Muslims protest in front of Myanmar's embassy in Bangkok (Reuters)
Muslims hold pictures and banners as they protest in front of Myanmar's embassy in Bangkok, Reuters Reuters

Bangladesh is preventing three international charities from providing aid to Muslim Rohingya refugees who cross the border to escape persecution in Myanmar.

France's Doctors without Borders (MSF) and Action Against Hunger (ACF) as well as Muslim Aid UK have been ordered to suspend their work in the border area of Cox's Bazaar, local administrator Joynul Bari said.
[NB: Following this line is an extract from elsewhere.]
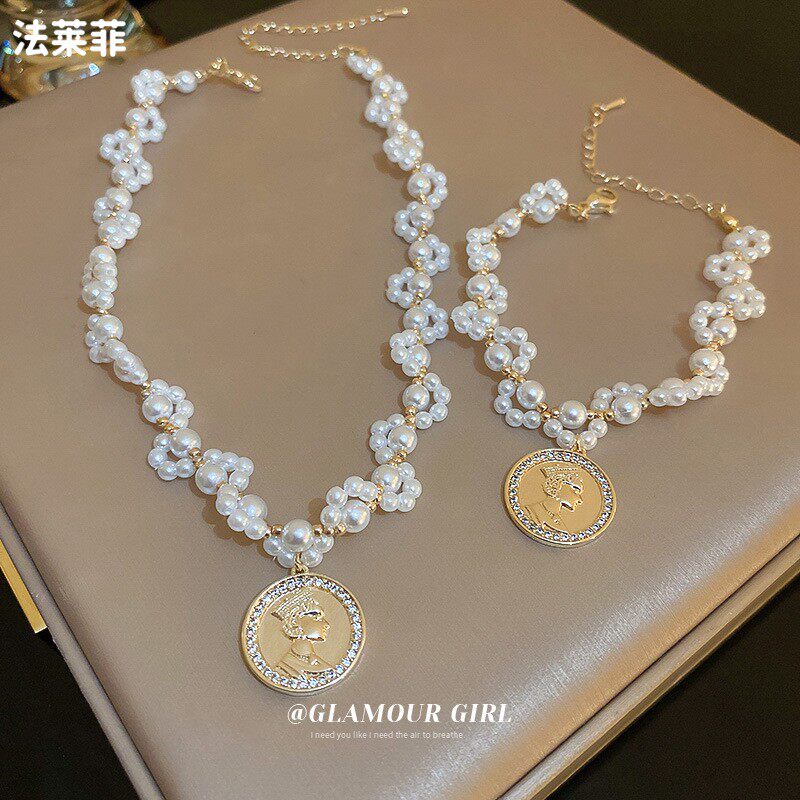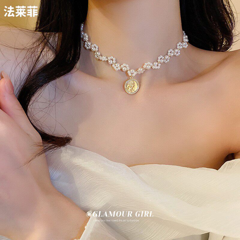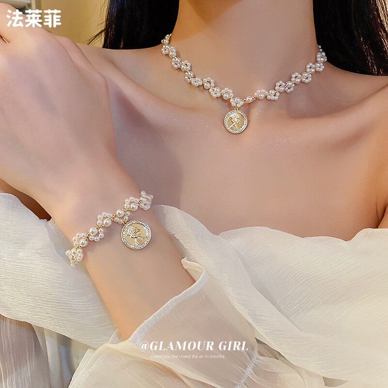 Дизайнерское элегантное небольшое ожерелье с цирконом из жемчуга, французский стиль, изысканный стиль, яркий броский стиль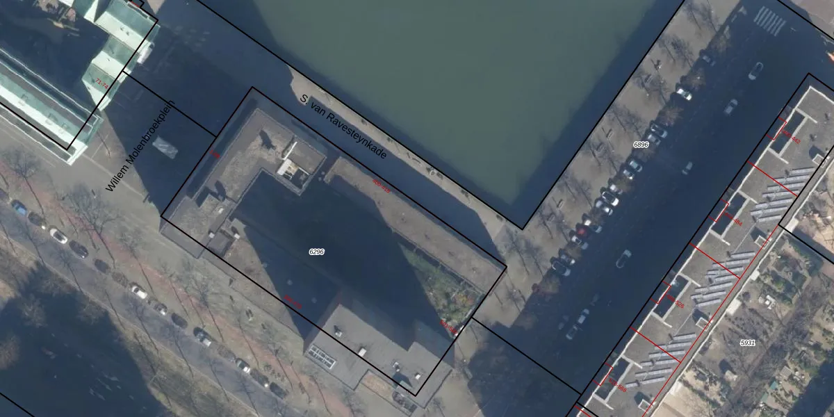 Het perceel waarop S. van Ravesteynkade 412 staat heeft een oppervlakte van 2840 m². Dit is een zeer groot perceel. De perceeloppervlakte wordt geregistreerd door het Kadaster. Gedetailleerde informatie over de maten van dit perceel kunt u vinden in het rapport Kadastrale kaart met maatvoering van S. van Ravesteynkade 412.

"The charities have been providing aid to tens of thousands of undocumented Rohingya refugees illegally. We asked them to stop all their projects in Cox's Bazaar," he told AFP.

Bari complained that the charities "were encouraging an influx of Rohingya refugees".

They have been working in Cox's Bazaar for 12 years, providing refugees with healthcare, job training, emergency food and drinking water.

The crackdown came a day after Human Rights Watch said those displaced were in dire need of "food, shelter, and medical care".

In recent weeks, Bangladesh has turned away boats carrying hundreds of Rohingya fleeing Myanmar.

Illegal immigrants

The Bangladesh government says 300,000 Rohingya are living in the country, with most concentrated in and around Cox's Bazaar.

The Myanmar government sees the Rohingya as illegal immigrants.

The two countries have been involved in a tug of war over who should bear responsibility for them. The Rohingya speak a Bengali dialect similar to one in southern Bangladesh.

Myanmar president Thein Sein said the best solution to end the violence against the Muslim minority in the country's Rakhine state would be to send them to another country. About 800,000 Rohingya live in Myanmar.

According to the United Nations the Rohingya are one of the world's most persecuted minority.

Sectarian violence in Rahkine has escalated with the deaths of 80 people and displacement of about 100,000.

In an incriminating 56-page report, HRW also said Myamar security forces "committed killings, rape, and mass arrests against Rohingya Muslims after failing to protect both them and Arakan Buddhists during deadly sectarian violence in western Burma in June 2012".